2006-02-23 21:27:23 [MgmSrvr] INFO     -- Mgmt server state: node id's  2 3 connected but not reserved
2006-02-23 21:27:23 [MgmSrvr] INFO     -- Mgmt server state: node id's  1 not connected but reserved

How to repeat:
define no entry for a data node in your config.ini on the management node.

Suggested fix:
Maybee this behaviour is expected, but I think, a clean error message looks better.
[23 Feb 2006 20:41] Jens Schanz
select(4, [3], NULL, NULL, {50, 0})     = 1 (in [3], left {50, 0})
recv(3, ".", 1, 0)                      = 1
select(4, [3], NULL, NULL, {50, 0})     = 1 (in [3], left {50, 0})
recv(3, "\n", 1, 0)                     = 1
select(4, [3], NULL, NULL, {50, 0})     = 1 (in [3], left {50, 0})
recv(3, "\n", 1, 0)                     = 1
open("./ndb_pid2452_error.log", O_RDWR|O_LARGEFILE) = -1 ENOENT (No such file or directory)
open("./ndb_pid2452_error.log", O_WRONLY|O_CREAT|O_TRUNC|O_LARGEFILE, 0666) = 4
fstat64(4, {st_mode=S_IFREG|0644, st_size=0, ...}) = 0
mmap2(NULL, 4096, PROT_READ|PROT_WRITE, MAP_PRIVATE|MAP_ANONYMOUS, -1, 0) = 0x40017000
time([1140727257])                      = 1140727257
open("/etc/localtime", O_RDONLY)        = 5
fstat64(5, {st_mode=S_IFREG|0644, st_size=837, ...}) = 0
fstat64(5, {st_mode=S_IFREG|0644, st_size=837, ...}) = 0
mmap2(NULL, 4096, PROT_READ|PROT_WRITE, MAP_PRIVATE|MAP_ANONYMOUS, -1, 0) = 0x40018000
read(5, "TZif\0\0\0\0\0\0\0\0\0\0\0\0\0\0\0\0\0\0\0\10\0\0\0\10"..., 4096) = 837
close(5)                                = 0
munmap(0x40018000, 4096)                = 0
write(4, "Current byte-offset of file-poin"..., 568) = 568
_llseek(4, 0, [568], SEEK_CUR)          = 0
_llseek(4, 40, [40], SEEK_SET)          = 0
write(4, "568", 3)                      = 3
close(4)                                = 0
munmap(0x40017000, 4096)                = 0
--- SIGSEGV (Segmentation fault) @ 0 (0) ---
+++ killed by SIGSEGV +++
[19 May 2006 8:30] Jonas Oreland
prio: 29 
This has lingered a while.
Customers keep getting it...
It's annoying...
[21 May 2006 17:20] Jonas Oreland
It's verfied...
[7 Jun 2006 16:04] Stewart Smith
It looks like we're crashing (SEGV) before we should be going through the normal exit() or abort() (depending if it's a release build or not) exit path.

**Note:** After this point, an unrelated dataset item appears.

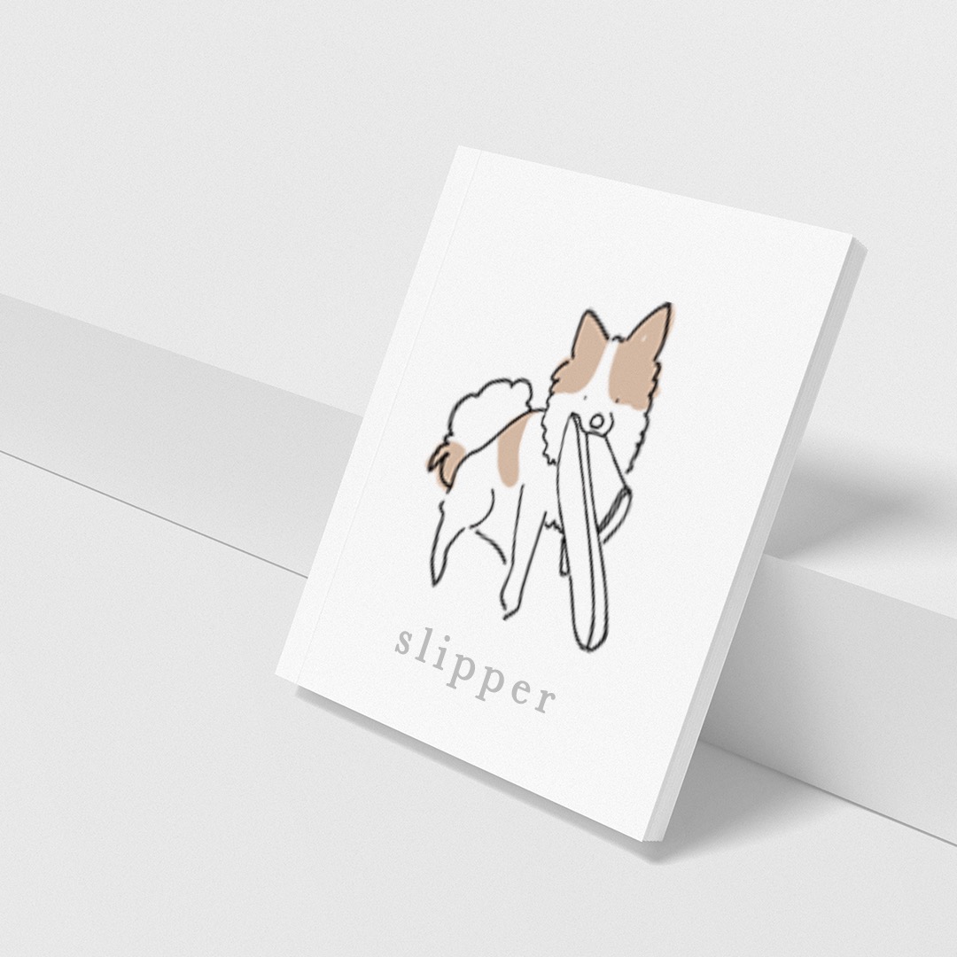 スリッパを噛んだいたずら好きなワンちゃんのイラストを制作しました! 愛犬のイラスト制作はもちろん、ご家族やご友人へのプレゼントととしてもおすすめです◎ ステッカー・ポスター・トートバッグ等、お好きなツールに展開も可能です!

Could you please provide the following:
- exact command line used for ndbd
- exact console output from ndbd
- backtrace from core file

getting a backtrace:
make sure your ulimit isn't preventing core files:
$ ulimit -c unlimited
$ /usr/local/mysql/bin/ndbd
(now should have core)
$ gdb /usr/local/mysql/bin/ndbd
(gdb) core core
(gdb) bt
(gdb) q

and add the output to this bug report.
if any of the above is unclear, let me know.
[7 Jul 2006 23:00] Bugs System
No feedback was provided for this bug for over a month, so it is
being suspended automatically. If you are able to provide the
information that was originally requested, please do so and change
the status of the bug back to "Open".